What to produce ->
Please output every record below exactly as written, leaving out any pictures.

---------------

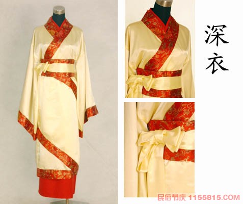 汉服的主要特点是交领、右衽,不用扣子,而用绳带系结,给人洒脱飘逸的印象。这些特点都明显有别于其他民族的服饰。汉服有礼服和常服之分。
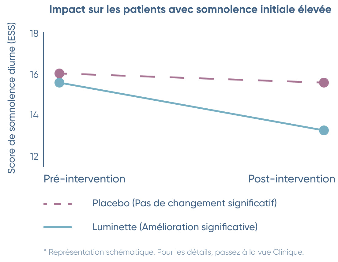 Les résultats suggèrent que les scores de somnolence ont diminué après la luminothérapie, tandis que le placebo n'a montré aucun changement significatif. La qualité du sommeil, l'anxiété et la dépression ne présentaient pas de différences significatives entre les conditions.
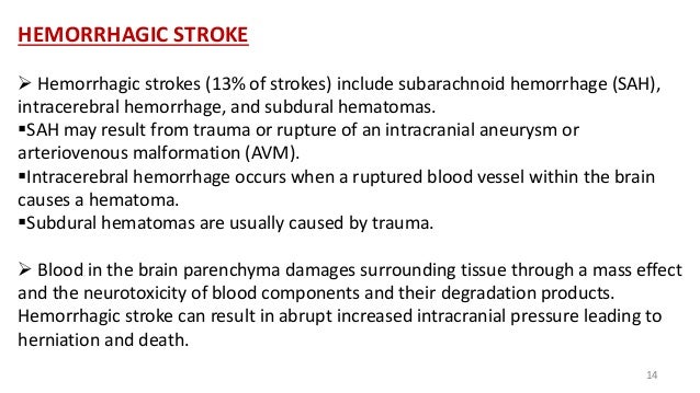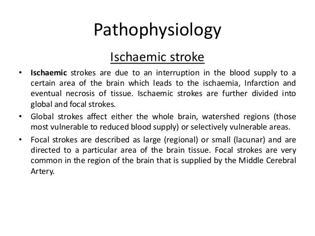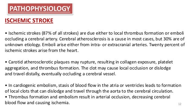 Find out the key signs and symptoms. Lacunar infarcts are usually seen in the subcortical areas of the brain and occur due to small vessel. Learn Why This Option May Be Right for Your Eligible Patients. Other less frequent causes include venous septic air or fat emboli. 160000 deaths Modifiable risk. PATHOPHYSIOLOGY OF HEMORRHAGIC STROKE Explosive entry of blood into the brain parenchyma structurally disrupts neurons.
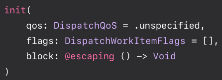 /// 인자값 옵션 세팅 할 경우 DispatchWorkItem(qos: .background, flags: .barrier) { ... }
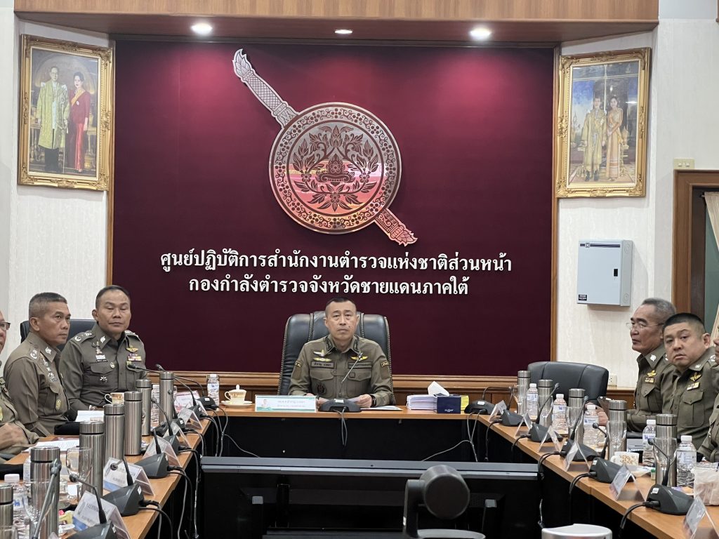 วันที่ (13 สิงหาคม 2568) เวลา 13.30 น. พล.ต.ท.สำราญ นวลมา ผู้ช่วยผู้บัญชาการตำรวจแห่งชาติ (ผู้ช่วย ผบ.ตร.) ในฐานะผู้อำนวยการศูนย์ปฏิบัติการตำรวจจังหวัดชายแดนภาคใต้ (ศปก.ตร.สน.) เดินทางตรวจเยี่ยมและประชุมมอบนโยบายแก่ผู้บังคับบัญชาในพื้นที่ เพื่อเสริมสร้างความพร้อมด้านการปฏิบัติราชการ และการดูแลสวัสดิภาพกำลังพล โดยมี พล.ต.ท.ปิยะวัฒน์ เฉลิมศรี ผู้บัญชาการตำรวจภูธรภาค 9 (ผบช.ภ.9) , พล.ต.ต.กฤษฎา แก้วจันดี รอง ผบช.ภ.9 รรท.ผบก.ภ.จว.นราธิวาส , พล.ต.ต.วัลลพ จำนงค์อาษา รอง ผบช.ภ.9 , พล.ต.ต.ธเรศ แก้วละเอียด รอง ผบช.ภ.9 , พล.ต.ต.นพศิลป์ พูลสวัสดิ์ รองผู้บัญชาการตำรวจนครบาล , พล.ต.ต.ณฐกรญ์ กาญจนาภรณ์ ผบก.ภ.จว.ยะลา , พล.ต.ต.สันทัศน์ เชื้อพุฒตาล ผบก.ภ.จว.ปัตตานี พร้อมผู้แทนหน่วยงานที่เกี่ยวข้อง เข้าร่วมประชุม
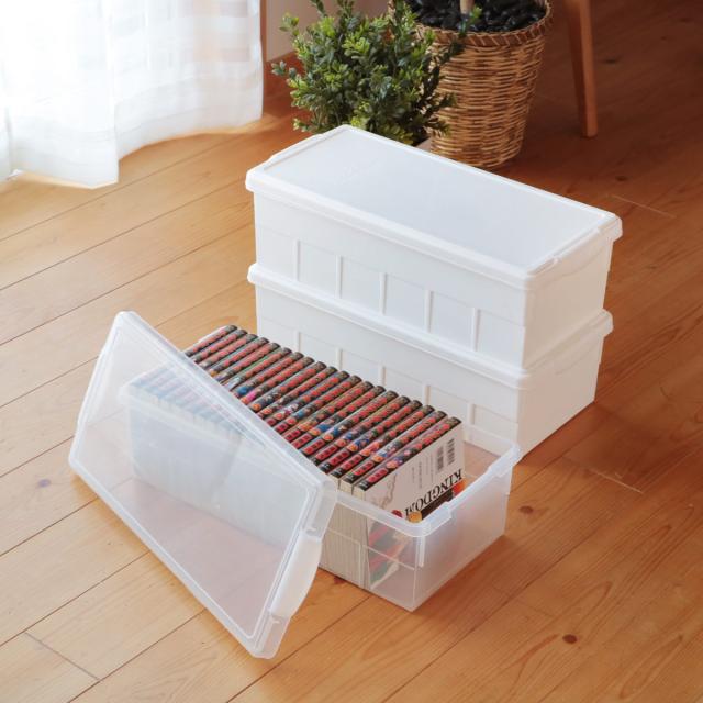場所を取る漫画本をすっきり収納できるポリプロピレン製のブックケースです。BIGコミック本(B6サイズ・厚さ1.9cm)は約22冊、普通コミック本(厚さ1.5cm)は約28冊収納できます。フタ付きなのでホコリや湿気、カビからも守り大切な収納物をキレイに保管できます。
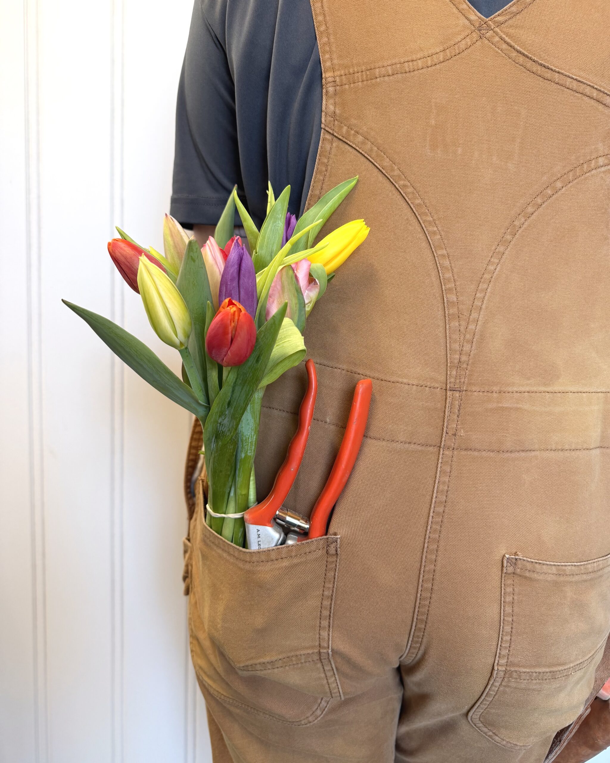 Sometimes the whole row of flowers blooms at the same time, and we have buckets of flowers ready to go!! It’s nice when it coincides with a wedding in the right colors, but other times… we just have too many to use!

---------------

Task result ->
 汉服的主要特点是交领、右衽,不用扣子,而用绳带系结,给人洒脱飘逸的印象。这些特点都明显有别于其他民族的服饰。汉服有礼服和常服之分。
 Les résultats suggèrent que les scores de somnolence ont diminué après la luminothérapie, tandis que le placebo n'a montré aucun changement significatif. La qualité du sommeil, l'anxiété et la dépression ne présentaient pas de différences significatives entre les conditions.
 Find out the key signs and symptoms. Lacunar infarcts are usually seen in the subcortical areas of the brain and occur due to small vessel. Learn Why This Option May Be Right for Your Eligible Patients. Other less frequent causes include venous septic air or fat emboli. 160000 deaths Modifiable risk. PATHOPHYSIOLOGY OF HEMORRHAGIC STROKE Explosive entry of blood into the brain parenchyma structurally disrupts neurons.
 /// 인자값 옵션 세팅 할 경우 DispatchWorkItem(qos: .background, flags: .barrier) { ... }
 วันที่ (13 สิงหาคม 2568) เวลา 13.30 น. พล.ต.ท.สำราญ นวลมา ผู้ช่วยผู้บัญชาการตำรวจแห่งชาติ (ผู้ช่วย ผบ.ตร.) ในฐานะผู้อำนวยการศูนย์ปฏิบัติการตำรวจจังหวัดชายแดนภาคใต้ (ศปก.ตร.สน.) เดินทางตรวจเยี่ยมและประชุมมอบนโยบายแก่ผู้บังคับบัญชาในพื้นที่ เพื่อเสริมสร้างความพร้อมด้านการปฏิบัติราชการ และการดูแลสวัสดิภาพกำลังพล โดยมี พล.ต.ท.ปิยะวัฒน์ เฉลิมศรี ผู้บัญชาการตำรวจภูธรภาค 9 (ผบช.ภ.9) , พล.ต.ต.กฤษฎา แก้วจันดี รอง ผบช.ภ.9 รรท.ผบก.ภ.จว.นราธิวาส , พล.ต.ต.วัลลพ จำนงค์อาษา รอง ผบช.ภ.9 , พล.ต.ต.ธเรศ แก้วละเอียด รอง ผบช.ภ.9 , พล.ต.ต.นพศิลป์ พูลสวัสดิ์ รองผู้บัญชาการตำรวจนครบาล , พล.ต.ต.ณฐกรญ์ กาญจนาภรณ์ ผบก.ภ.จว.ยะลา , พล.ต.ต.สันทัศน์ เชื้อพุฒตาล ผบก.ภ.จว.ปัตตานี พร้อมผู้แทนหน่วยงานที่เกี่ยวข้อง เข้าร่วมประชุม
場所を取る漫画本をすっきり収納できるポリプロピレン製のブックケースです。BIGコミック本(B6サイズ・厚さ1.9cm)は約22冊、普通コミック本(厚さ1.5cm)は約28冊収納できます。フタ付きなのでホコリや湿気、カビからも守り大切な収納物をキレイに保管できます。
 Sometimes the whole row of flowers blooms at the same time, and we have buckets of flowers ready to go!! It’s nice when it coincides with a wedding in the right colors, but other times… we just have too many to use!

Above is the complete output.